Whistleblowing law

Whistleblowing

What is whistleblowing?

Whistleblowing (also known as ‘making disclosure in the public interest’) is the act of bringing attention to someone’s misconduct. It is most common with regards to employment relationships where an employee blows the whistle on his or her employer without losing his or her employment rights. The aim of whistle blowing is to encourage people to react if they see malpractice in their workplace.

Who is protected?

To be protected as a whistle blower you need to:

  • Be a worker;
  • Believe that misconduct is happening, has happened in the past or will happen in the future;
  • Reveal the right kind of information: make a ‘qualifying disclosure’ (explained below); and
  • Reveal the information to the right person (‘protected disclosure’).

What is a qualifying disclosure?

The information must be in the public interest and have regard one of the following matters:

  • A criminal offence;
  • The miscarriage of justice;
  • Breach of a legal obligation;
  • Damage to the health or safety of an individual;
  • Damage to the environment; or
  • A deliberate attempt to cover any of the above.

What is a protected disclosure?

The information must be communicated in a certain way and to the right person. It has to be made:

  • In good faith and without malice;
  • With a reasonable belief of its truth; and
  • With a reasonable belief of making the disclosure to the right person.

Who is the ‘right person’?

The disclosure should be made according to the employer’s disclosure procedure, generally to the employer. If an employee feels that he or she is unable to do so they should disclose the information to a person or body prescribed by the Secretary of State (the ‘prescribed person’) or a legal adviser.

If a worker blows the whistle to someone other than those listed above the disclosure will only be protected if:

  • It is made in good faith;
  • There is a reasonable belief that the information is true;
  • A worker is not acting for personal benefit; and
  • The whistleblower acts reasonably in the circumstances.

Exceptional failure

If there is an exceptional failure in the workplace (such as putting the workers’ lives at risk), a worker can blow the whistle publicly ignoring the usual procedure.
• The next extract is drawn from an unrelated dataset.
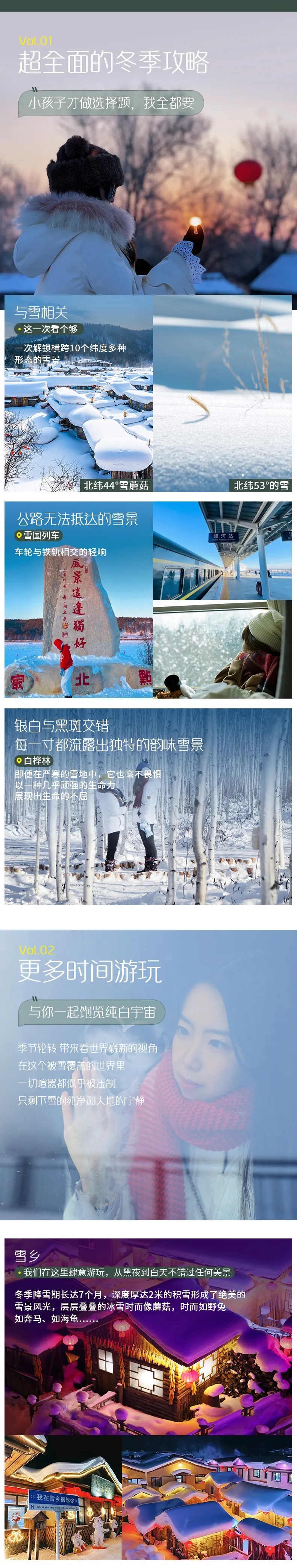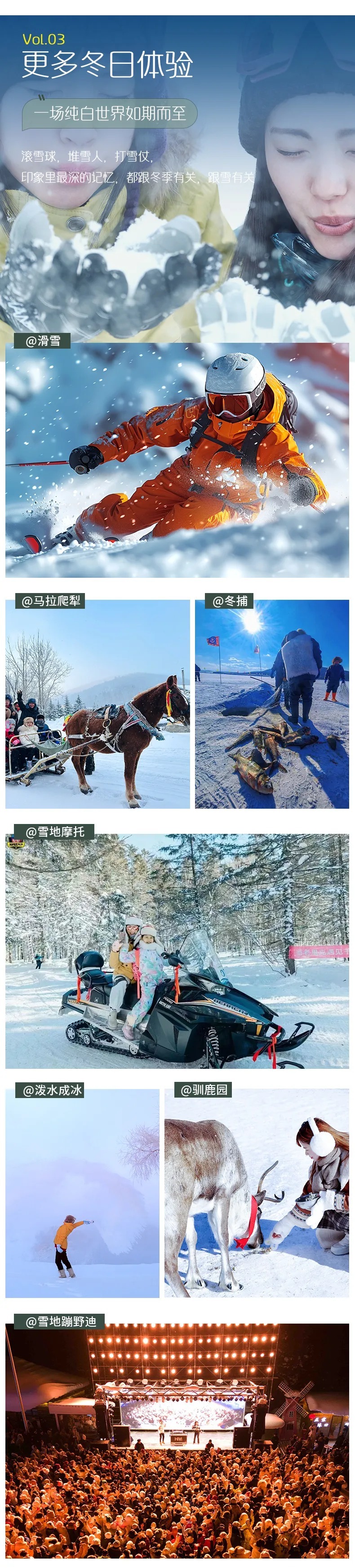 4、门票:亚布力2小时滑雪包含雪鞋雪板雪杖使用、雪乡门票+往返环保车、龙江第一湾门票+环保车、圣诞村门票、北极村门票、鄂温克驯鹿园;
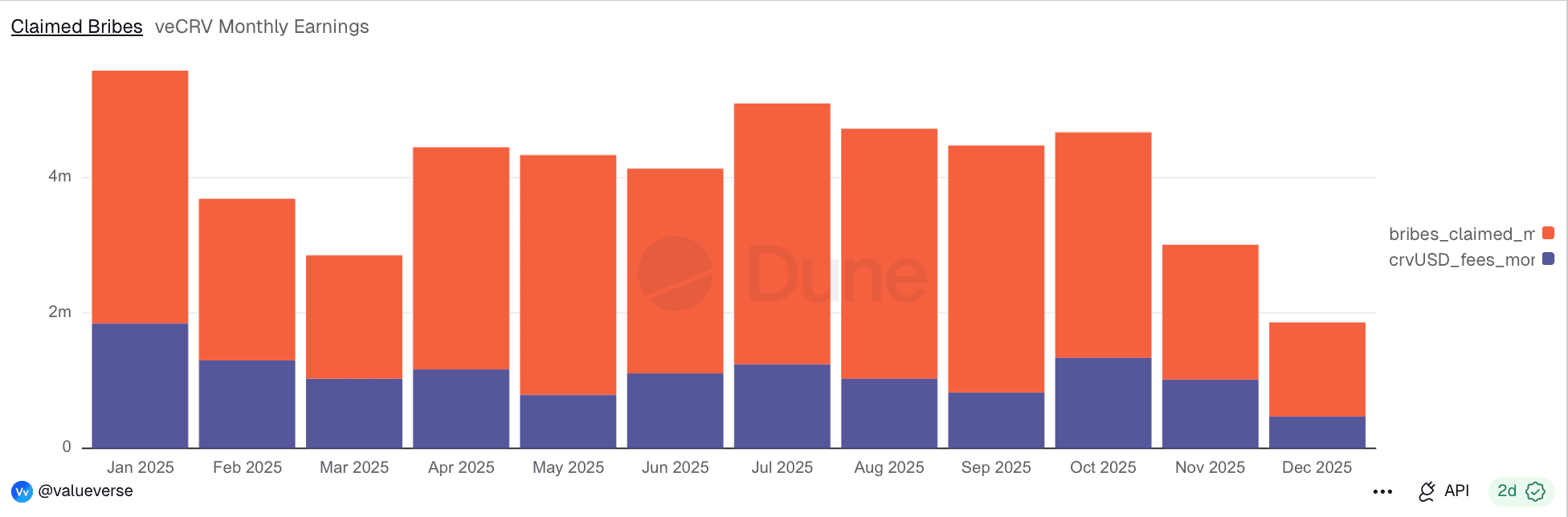 Chart featuring overall token holders revenue. Bribes and fees separately are available at https://app.valueverse.ai/tokens/curve-dao#key-metrics

The conditions that need to be fulfilled are as follows:

  1. The disclosure is made in good faith;
  2. The whistle blower reasonably believes that the information is true;
  3. They do not act for personal gain; and
  4. They act reasonably in the circumstances.

Consequences

A worker who blows the whistle is protected from breach of his or her employment rights. As a consequence if they are dismissed or victimised for their act they can complain to the Employment Tribunal. The dismissal or selection for redundancy is automatically treated as unfair if it is solely based on the act of whistleblowing.